Eduardo Lages deu o último acorde da noite. O show tinha terminado. Mas aquele ronco barulhento do calhambeque de Roberto Carlos deu a certeza de que ainda há muito trajeto para ele cumprir nos nossos palcos. Muita água ainda vai rolar.

OBRIGADO, ROBERTO CARLOS. Este que vos escreve afirma que valeu cada pingo desta chuva de sábado, 11 de julho de 2009.
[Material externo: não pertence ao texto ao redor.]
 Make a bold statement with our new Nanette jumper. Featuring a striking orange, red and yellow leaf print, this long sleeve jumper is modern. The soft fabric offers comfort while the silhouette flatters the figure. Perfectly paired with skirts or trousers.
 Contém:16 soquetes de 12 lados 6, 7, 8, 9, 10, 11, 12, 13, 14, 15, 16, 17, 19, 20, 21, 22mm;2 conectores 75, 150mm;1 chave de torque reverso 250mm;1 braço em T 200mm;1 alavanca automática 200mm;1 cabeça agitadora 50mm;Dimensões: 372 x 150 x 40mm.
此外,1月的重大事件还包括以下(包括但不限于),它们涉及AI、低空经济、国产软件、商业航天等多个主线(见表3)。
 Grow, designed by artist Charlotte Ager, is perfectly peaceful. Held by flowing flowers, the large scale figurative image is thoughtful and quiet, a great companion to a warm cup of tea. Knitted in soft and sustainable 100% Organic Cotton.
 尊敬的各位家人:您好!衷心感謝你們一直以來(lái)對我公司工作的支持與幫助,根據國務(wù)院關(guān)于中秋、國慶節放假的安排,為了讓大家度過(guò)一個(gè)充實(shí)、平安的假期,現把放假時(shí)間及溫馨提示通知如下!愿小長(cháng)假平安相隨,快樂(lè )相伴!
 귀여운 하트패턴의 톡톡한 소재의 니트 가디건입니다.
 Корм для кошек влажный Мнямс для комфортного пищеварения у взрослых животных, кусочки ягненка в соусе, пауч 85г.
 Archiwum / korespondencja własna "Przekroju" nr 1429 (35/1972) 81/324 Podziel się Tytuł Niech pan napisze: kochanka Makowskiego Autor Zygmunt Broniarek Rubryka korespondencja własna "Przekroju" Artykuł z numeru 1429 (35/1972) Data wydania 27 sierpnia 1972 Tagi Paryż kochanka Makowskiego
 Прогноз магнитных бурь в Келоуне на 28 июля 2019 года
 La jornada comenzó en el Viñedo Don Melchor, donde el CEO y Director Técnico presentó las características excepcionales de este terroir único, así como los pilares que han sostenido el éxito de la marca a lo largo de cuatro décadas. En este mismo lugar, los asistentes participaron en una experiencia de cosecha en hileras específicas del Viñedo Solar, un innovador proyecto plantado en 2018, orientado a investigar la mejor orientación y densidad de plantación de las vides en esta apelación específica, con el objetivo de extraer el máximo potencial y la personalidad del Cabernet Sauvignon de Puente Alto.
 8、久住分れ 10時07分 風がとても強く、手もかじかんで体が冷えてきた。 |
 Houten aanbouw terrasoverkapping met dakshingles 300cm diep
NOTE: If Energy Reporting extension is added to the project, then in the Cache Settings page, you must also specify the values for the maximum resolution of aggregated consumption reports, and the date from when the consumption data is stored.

Abraços a todos, Vinícius.

DETALHES - Roberto e Erasmo

Não adianta nem tentar me esquecer
Durante muito tempo em sua vida, eu vou viver
Detalhes tão pequenos de nós dois
São coisas muito grandes pra esquecer
E toda hora vão estar presentes, você vai ver

Se um outro cabeludo aparecer na sua rua
E isso lhe trouxer saudades minhas, a culpa é sua
O ronco barulhento do seu carro
A velha calça desbotada ou coisa assim
Imediatamente você vai lembrar de mim

Eu sei que um outro deve estar falando ao seu ouvido
Palavras de amor como eu falei mas eu duvido
Duvido que ele tenha tanto amor
E até os erros do meu português ruim
E nessa hora você vai lembrar de mim

À noite envolvida no silêncio do seu quarto
Antes de dormir você procura o meu retrato
Mas na moldura não sou eu quem lhe sorri
Mas você vê o meu sorriso mesmo assim
E tudo isso vai fazer você lembrar de mim

Se alguém tocar seu corpo como eu não diga nada
Não vá dizer meu nome sem querer à pessoa errada
Pensando ter amor nesse momento
Desesperada você tenta até o fim
E até nesse momento você vai lembrar de mim

Eu sei que esses detalhes vão sumir na longa estrada
Do tempo que transforma todo o amor em quase nada
Mas quase também é mais um detalhe
Um grande amor não vai morrer assim
Por isso, de vez em quando, você vai, vai lembrar de mim

Não adianta nem tentar me esquecer
Durante muito, muito tempo em sua vida eu vou viver
Não, não adianta nem tentar me esquecer

Não... Não!

8 comentários:

Patricia Guimarães disse...

Que show maravilhoso! Cresci ouvindo e admirando a obra do nosso querido Roberto Carlos, sinto que o meu carinho pelo Rei se multiplicou depois deste 11 de julho de 2009.
Concordo com vc, os pingos dessa chuva (bem significativos) que coroaram este momento lindo, se confundiram com o pranto de muitos que estavam no Maraca prestigiando o grande artista, inclusive com o meu!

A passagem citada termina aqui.